That was the appeal of the Apollo missions: these crop-haired thirty-somethings dicing with death going somewhere no one else had been. Aldrin sees his role now as reactivating that spirit. He reckons we should go back to the moon, this time to develop it, and look to get to Mars in a couple of decades. "We have to take the new generation with us, so they can say that their generation participated." He'll try anything to reach that new generation: he writes children's books, is using Twitter (or Tweeter, as he calls it), and recently recorded a rap record called Rocket Experience with Snoop Dogg - one huge step for a man of a certain age.

Aldrin holds nothing back when talking about how bad things were when he fell to earth in the early 70s. He rejoined the US air force - he had been a fighter pilot - but his role as commander of a test pilot school didn't work out, he quit the armed services at 42, started drinking, had an affair, suffered depression, his marriage broke up, he went through another brief marriage, and eventually found himself selling Cadillacs (or, rather, not selling - he was a terrible salesman) in Beverly Hills and becoming dependent on drink.

He outlines the reasons for his collapse in his somewhat convoluted Buzz-ese, but it's a perceptive self-analysis: "I inherited tendencies in different directions [depression and an addictive personality] and those directions, if you feed them with a life of perfection and discipline and then remove that all of a sudden, it's probably going to go back to some of the more deep-seated concerns about self-worth and achievement. You did that as part of a team; what are you doing now? You get a job as a car salesman and you're a horrible car salesman. What does that do to a person's ego."

What he did was to get sober, marry again - this time for keeps - and re-engage with space. It's no accident that Buzz Lightyear, the space ranger in animated film Toy Story, is named after Aldrin, who shares his limitless enthusiasm for exploration.
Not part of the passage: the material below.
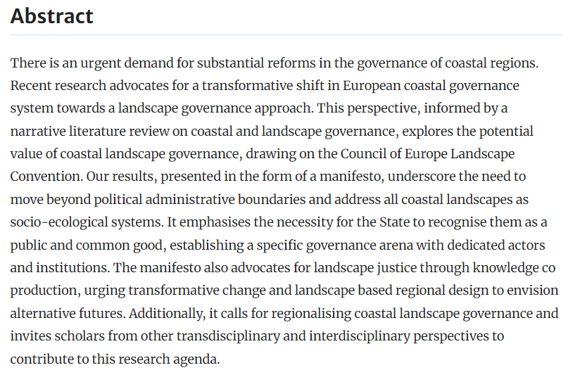A manifesto for coastal landscape governance: Reframing the relationship between coastal and landscape governance
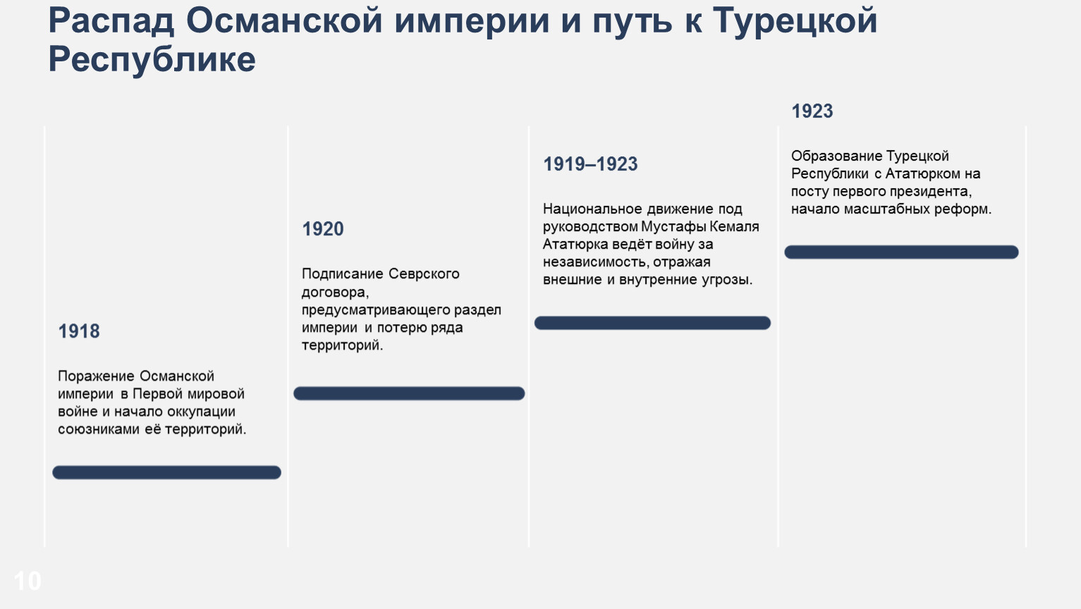 1923 Образование Турецкой Республики с Ататюрком на посту первого президента, начало масштабных реформ.

Lucky, though, that Aldrin abandoned his real name, Edwin, preferring the nickname given by one of his two sisters, who said "buzzer" instead of "brother". Edwin Aldrin would just have been the second guy on the moon; Buzz Aldrin is the ur-spaceman, if not quite declaring, "To infinity and beyond", convinced that eventually we can get pretty close.

• Magnificent Desolation: The Long Journey Home from the Moon (Bloomsbury, £16.99). Buzz Aldrin will be speaking tonight, 7.30pm, at the London Literature Festival, Royal Festival Hall, London SE1

Whatever happened to Neil Armstrong?

Neil Armstrong, the first man on the moon, is intensely private and, in the eyes of the media, unforgivably normal. He is the JD Salinger of space exploration: the super-celebrity who shuns publicity. Having uttered the immortal line, "That's one small step for man; one giant leap for mankind," he hasn't felt the need to say anything significant since.

It was thought that Buzz Aldrin, as pilot of the lunar module, would be first out, but according to James Hansen's biography of Armstrong, existing practice was overturned because Nasa chiefs realised the first man on the moon would have to bear the burden of fame for a lifetime and preferred the undemonstrative, ego-free Armstrong.

He retired from Nasa in 1971 to become professor of aerospace engineering at the University of Cincinnati, where he remained until 1979. Since then he has held numerous corporate directorships and, uncharacteristically, appeared in an ad campaign for Chrysler (reportedly to help the ailing firm, rather than for the cash). He lives with his second wife on a farm in southern Ohio, suspicious of fans and autograph hunters since discovering in 2005 that his barber had sold some of his hair to a collector for $3,000.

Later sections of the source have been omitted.